## Recorded data
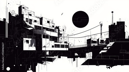 © B8stock, Obraz premium Abstract Black and White Cityscape
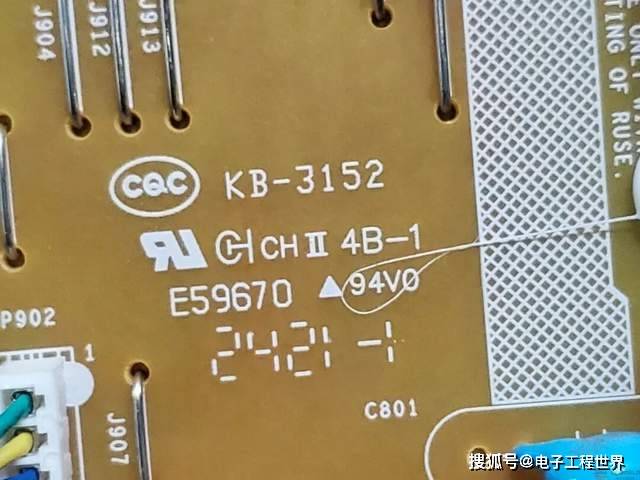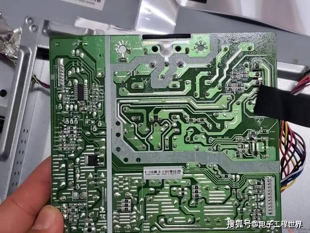 电源板背部元件不多。使用大量的焊锡,也可以起到散热作用。高压区域也圈起来了。
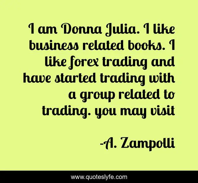 This page presents the quote "I am Donna Julia. I like business related books. I like forex trading and have started trading with a group related to trading. you may visit". Author of this quote is A. Zampolli. This quote is about trading, business,.
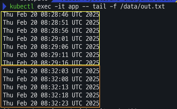 해당 파일이 유지 되나 파드가 삭제 되어 있는 동안에는 로그가 쌓이지 않는 것을 확인 할수 있다.
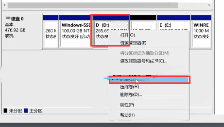 4、右键点击D磁盘(如下图),点击窗口中的扩展卷。

## Your instructions
Quote verbatim the final run of lines in the material above, from the line that contains "This page presents" through the very last line, excluding any pictures.

## Exercise solution
 This page presents the quote "I am Donna Julia. I like business related books. I like forex trading and have started trading with a group related to trading. you may visit". Author of this quote is A. Zampolli. This quote is about trading, business,.
 해당 파일이 유지 되나 파드가 삭제 되어 있는 동안에는 로그가 쌓이지 않는 것을 확인 할수 있다.
 4、右键点击D磁盘(如下图),点击窗口中的扩展卷。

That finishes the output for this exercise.